--- RECORDED DATA ---
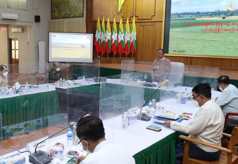နိုင်ငံ၏အဓိကစားနပ်ရိက္ခာဖြစ်သည့် ဆန်စပါးဖူလုံရေး၊ ဒေသအတွင်း သီးနှံ ထုတ်လုပ်မှု မြင့်မားရေး နှင့် စိုက်ပျိုးမွေးမြူရေးကိုအခြေခံသည့် စီးပွားဖွံ့ဖြိုးမှု တိုးတက်လာရေး အတွက် လယ်ယာမြေ များကို တည်ဆဲဥပဒေ နည်းဥပဒေများနှင့်အညီ စီမံဆောင်ရွက်လျက်ရှိသည့် ဗဟို လယ်ယာမြေ စီမံခန့်ခွဲမှုအဖွဲ့၏ လုပ်ငန်းညှိနှိုင်းအစည်းအဝေးကို ယနေ့ မွန်းလွဲပိုင်းက စိုက်ပျိုးရေး၊ မွေးမြူရေးနှင့် ဆည်မြောင်းဝန်ကြီးဌာန ပြည်ထောင်စု ဝန်ကြီးရုံး အစည်းအဝေးခန်းမတွင် ကျန်းမာ ရေးဆိုင်ရာ ညွှန်ကြားချက်များနှင့်အညီ ကျင်းပသည်။
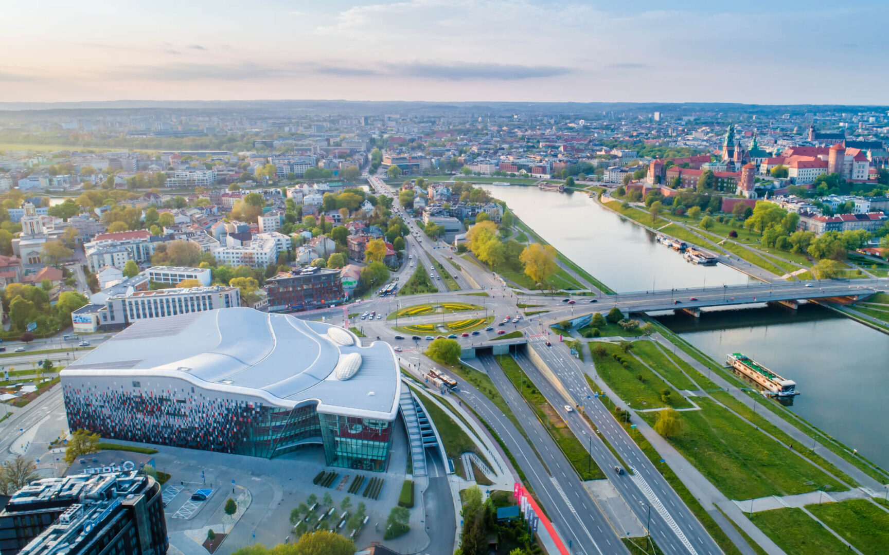 An attractive, multifunctional district with easy access to shops, restaurants and the Vistulan Boulevards.
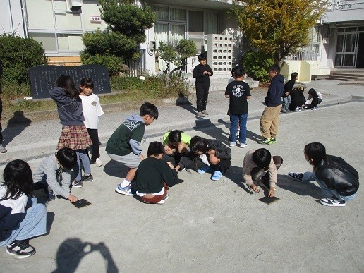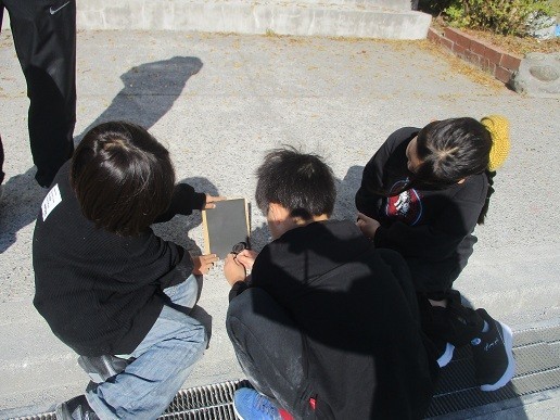 3年生は虫眼鏡で太陽の光を集める実験をしていました。焦点がばっちり合うと、黒い紙から煙が出て燃える様子を恐々と観察していました。
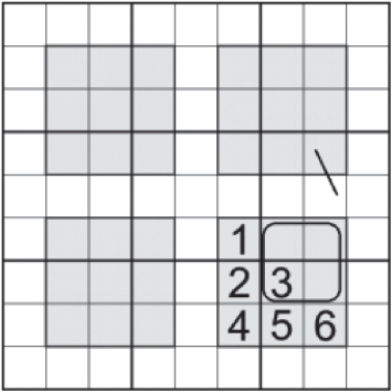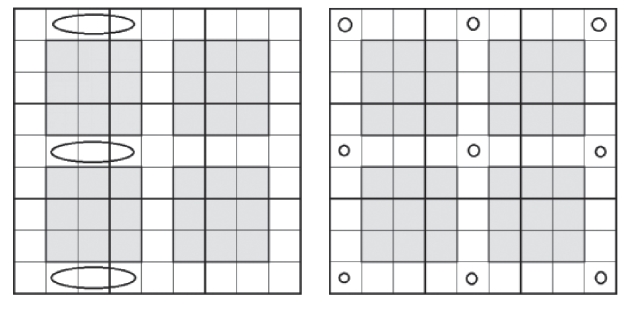 由上文锯齿数独相关技巧,3个椭圆形内是1组1~9。一道题目,有四个这样的宫。我们进一步观察,每道题目是九组1~9,四个窗口宫占据四组,四个LoL宫占据四组,还有一组额外宫,是剩下9个单元格组成的(图13右图所示)。在窗口数独里,一共有十八个宫。

--- INSTRUCTIONS FOR THE TASK ---
Except for the pictures, print the data above exactly.

--- EXERCISE RESPONSE ---
နိုင်ငံ၏အဓိကစားနပ်ရိက္ခာဖြစ်သည့် ဆန်စပါးဖူလုံရေး၊ ဒေသအတွင်း သီးနှံ ထုတ်လုပ်မှု မြင့်မားရေး နှင့် စိုက်ပျိုးမွေးမြူရေးကိုအခြေခံသည့် စီးပွားဖွံ့ဖြိုးမှု တိုးတက်လာရေး အတွက် လယ်ယာမြေ များကို တည်ဆဲဥပဒေ နည်းဥပဒေများနှင့်အညီ စီမံဆောင်ရွက်လျက်ရှိသည့် ဗဟို လယ်ယာမြေ စီမံခန့်ခွဲမှုအဖွဲ့၏ လုပ်ငန်းညှိနှိုင်းအစည်းအဝေးကို ယနေ့ မွန်းလွဲပိုင်းက စိုက်ပျိုးရေး၊ မွေးမြူရေးနှင့် ဆည်မြောင်းဝန်ကြီးဌာန ပြည်ထောင်စု ဝန်ကြီးရုံး အစည်းအဝေးခန်းမတွင် ကျန်းမာ ရေးဆိုင်ရာ ညွှန်ကြားချက်များနှင့်အညီ ကျင်းပသည်။
 An attractive, multifunctional district with easy access to shops, restaurants and the Vistulan Boulevards.
 3年生は虫眼鏡で太陽の光を集める実験をしていました。焦点がばっちり合うと、黒い紙から煙が出て燃える様子を恐々と観察していました。
 由上文锯齿数独相关技巧,3个椭圆形内是1组1~9。一道题目,有四个这样的宫。我们进一步观察,每道题目是九组1~9,四个窗口宫占据四组,四个LoL宫占据四组,还有一组额外宫,是剩下9个单元格组成的(图13右图所示)。在窗口数独里,一共有十八个宫。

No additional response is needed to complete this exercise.